What to do
Starting from the line with "Bupati Indragiri Hilir", please copy exactly every line to the end of the listing, but not the pictures.

**** Dataset entries ****

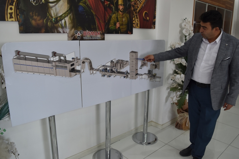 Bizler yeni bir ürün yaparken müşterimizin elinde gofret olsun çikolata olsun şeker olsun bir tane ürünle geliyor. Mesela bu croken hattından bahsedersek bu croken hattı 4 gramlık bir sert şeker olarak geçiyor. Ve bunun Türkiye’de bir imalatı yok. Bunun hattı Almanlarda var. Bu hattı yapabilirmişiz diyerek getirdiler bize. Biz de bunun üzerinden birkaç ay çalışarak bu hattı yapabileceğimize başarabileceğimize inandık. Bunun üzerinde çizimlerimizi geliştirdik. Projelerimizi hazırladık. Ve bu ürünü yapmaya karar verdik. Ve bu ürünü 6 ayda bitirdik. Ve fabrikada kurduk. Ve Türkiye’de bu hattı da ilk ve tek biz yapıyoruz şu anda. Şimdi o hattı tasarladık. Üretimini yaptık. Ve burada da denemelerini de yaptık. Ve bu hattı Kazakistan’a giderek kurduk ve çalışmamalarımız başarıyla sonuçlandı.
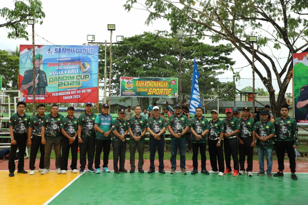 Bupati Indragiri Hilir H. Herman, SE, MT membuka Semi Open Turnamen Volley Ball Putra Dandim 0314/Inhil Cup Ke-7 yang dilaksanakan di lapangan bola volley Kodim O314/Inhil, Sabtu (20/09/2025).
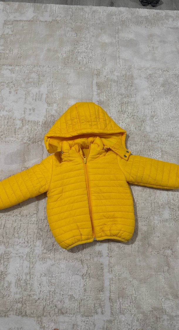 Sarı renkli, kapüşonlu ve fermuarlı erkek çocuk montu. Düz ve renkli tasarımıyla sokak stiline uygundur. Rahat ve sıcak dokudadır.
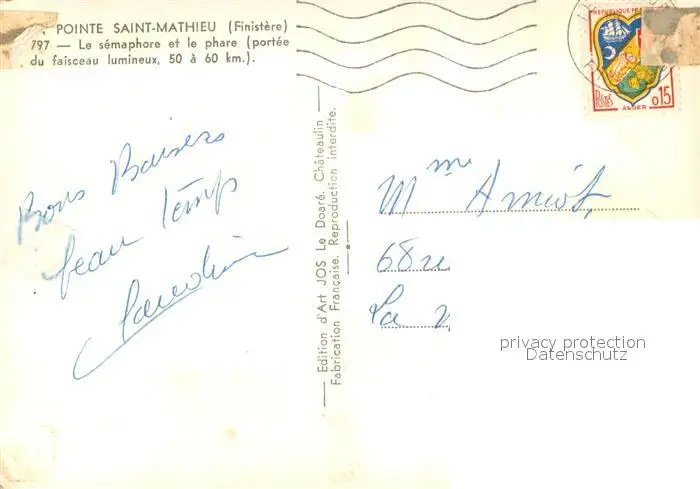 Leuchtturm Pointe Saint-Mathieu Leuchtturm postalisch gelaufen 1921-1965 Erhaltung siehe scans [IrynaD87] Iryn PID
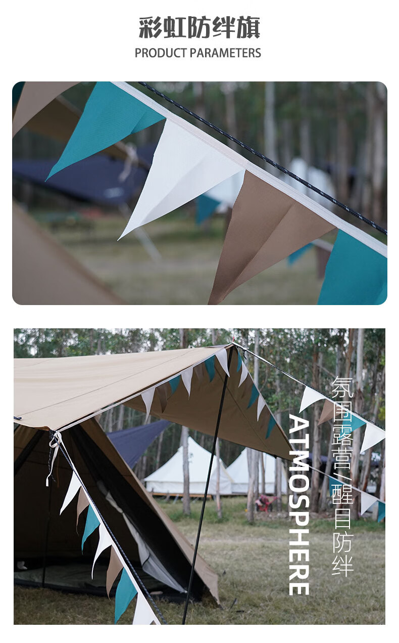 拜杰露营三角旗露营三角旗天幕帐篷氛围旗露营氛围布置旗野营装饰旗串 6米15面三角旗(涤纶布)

****

Answer space
 Bupati Indragiri Hilir H. Herman, SE, MT membuka Semi Open Turnamen Volley Ball Putra Dandim 0314/Inhil Cup Ke-7 yang dilaksanakan di lapangan bola volley Kodim O314/Inhil, Sabtu (20/09/2025).
 Sarı renkli, kapüşonlu ve fermuarlı erkek çocuk montu. Düz ve renkli tasarımıyla sokak stiline uygundur. Rahat ve sıcak dokudadır.
 Leuchtturm Pointe Saint-Mathieu Leuchtturm postalisch gelaufen 1921-1965 Erhaltung siehe scans [IrynaD87] Iryn PID
 拜杰露营三角旗露营三角旗天幕帐篷氛围旗露营氛围布置旗野营装饰旗串 6米15面三角旗(涤纶布)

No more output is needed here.